Capítulo VII

Del séptimo título por donde el hombre está obligado a la virtud, por razón de la primera de sus cuatro postrimerías, que es la muerte

    Cualquiera de todos estos títulos susodichos era bastante para que el hombre se emplease todo en el servicio de un señor a quien por tantas y tan grandes razones está obligado. Mas porque la mayor parte de los hombres más se mueve por el interés de la ganancia, que por obligación de justicia, por tanto añadiremos a lo dicho los provechos grandes que de presente y de futuro se prometen a la virtud. Y primero los dos mayores entre todos, que es la gloria que por ella se da, y la pena que por ella se excusa. Éstos son los dos principales remos desta navegación, y las dos principales espuelas con que se anda este camino. Por la cual causa, el bienaventurado san Francisco en su Regla, y nuestro padre santo Domingo en la suya, ambos con un mismo espíritu y con unas mismas palabras, mandan a sus predicadores que no prediquen más que vicios y virtudes, pena y gloria. Lo uno para enseñarnos a bien vivir, y lo otro para inclinarnos al deseo de bien vivir. Sentencia es, otrosí, común de filósofos, que las dos pesas con que se mueve ordenadamente el reloj de la vida humana son castigo y galardón. Porque es tan grande nuestra miseria, que nadie quiere la virtud desnuda, si no viene, o apremiada con castigo, o acompañada con provecho. Y porque ningún castigo ni galardón puede ser mayor que pena y gloria para siempre, por eso trataremos aquí destas dos cosas, a las cuales añadiremos otras dos que preceden a éstas, que son la muerte y el juicio universal. Porque cada cosa déstas, bien considerada, sirve mucho para amar la virtud y aborrecer el vicio, según aquello del Sabio, que dice: «Acuérdate de tus postrimerías, y nunca jamás pecarás.» Por las cuales postrimerías entiende estas cuatro que aquí habemos nombrado, de que al presente para nuestro propósito nos conviene tratar.

 
I

    Comenzando, pues, por la primera que es la muerte, ésta es tanto más poderosa para movernos, cuanto es más cierta, más cotidiana y más familiar. Mayormente si consideramos el juicio particular que en ella ha de haber de nuestra vida, el cual no se ha de alterar en el universal, porque lo que entonces fuere de nosotros, eso será para siempre.
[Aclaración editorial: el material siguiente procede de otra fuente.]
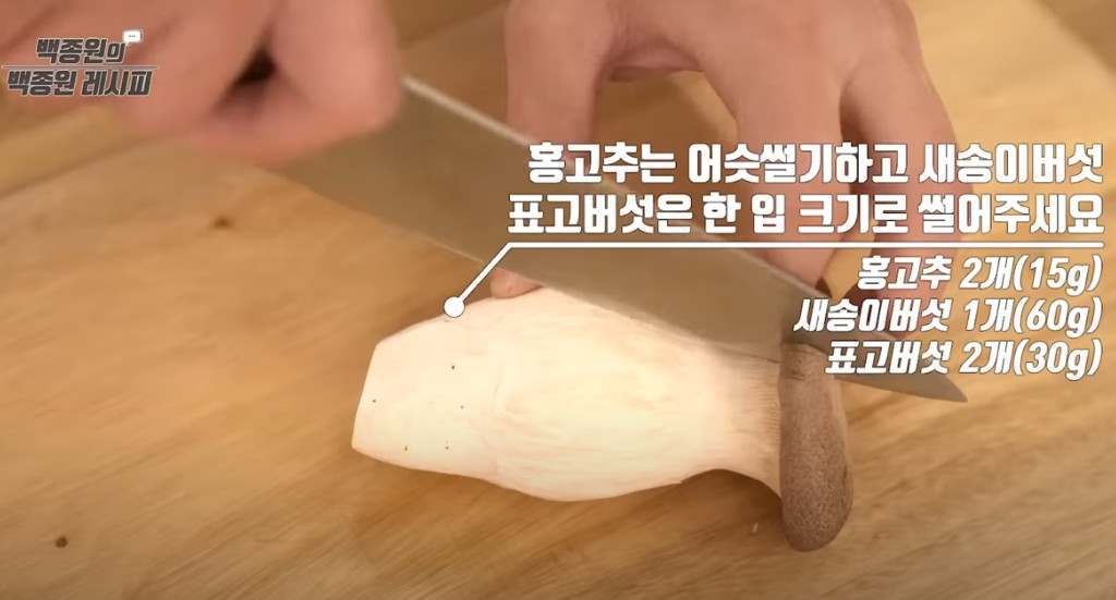 4. 홍고추는 어슷 썰고, 새송이버섯과 표고버섯은 한 입 크기로 썰어둔다.

    Mas cuán estrecho haya de ser este juicio y la cuenta que en él se ha de pedir, no quiero yo que lo creas a mí, sino a una historia que san Juan Clímaco, como testigo de vista, refiere, que sin duda es una de las más temerosas que yo he leído. Escribe, pues, él, que «en un cierto monasterio de su tiempo había un monje descuidado en su vida, el cual, llegando a punto de muerte, fue arrebatado en espíritu por un grande espacio, donde vio el rigor y severidad espantosa deste particular juicio. Y como después, por especial dispensación de Dios, alcanzase espacio de penitencia, rogó a todos los monjes que presentes estábamos que nos saliésemos de su celda, y cerrando él la puerta a piedra y lodo, quedóse dentro hasta el día que murió, que fue por espacio de doce años, sin salir jamás de allí ni hablar palabra a nadie ni comer otra cosa todo aquel tiempo sino sólo pan y agua. Y sentado en su celda, estaba como atónito, resolviendo en su corazón lo que había visto en aquel arrebatamiento. Y tenía tan fijo el pensamiento en ello, que así también tenía el rostro fijo en un lugar, sin volverlo a una parte ni a otra, derramando a la continua muy fervientes lágrimas, las cuales corrían hilo a hilo por sus ojos.»

    «Y llegada la hora de su muerte, rompimos la puerta, que estaba, como dije, cerrada, y entramos todos los monjes de aquel desierto en su celda, y rogámosle con toda humildad nos dijese alguna palabra de edificación. Y no dijo más que sola ésta: Dígoos de verdad, padres, que si los hombres entendiesen cuán espantoso es este último trance y juicio de la muerte, estarían muy lejos de ofender a Dios.» Todas éstas son palabras de san Juan Clímaco, que se halló presente a este negocio y da testimonio de lo que vio. De manera que en el hecho, aunque parezca increíble, no hay que dudar, pues tan fiel es el testigo, y en lo demás hay mucho por qué temer, considerando la vida que este santo hizo, y mucho más la grandeza de aquella visión que vio, de donde procedió esta manera de vida. Lo cual bastantemente nos declara cuán verdadera sea aquella sentencia del Sabio, que dice: «Acuérdate de tus postrimerías, y eternalmente nunca pecarás.» Pues si tanto nos ayuda esta consideración para no pecar, corramos ahora brevemente por todos los pasos y trances della para alcanzar tan grande bien.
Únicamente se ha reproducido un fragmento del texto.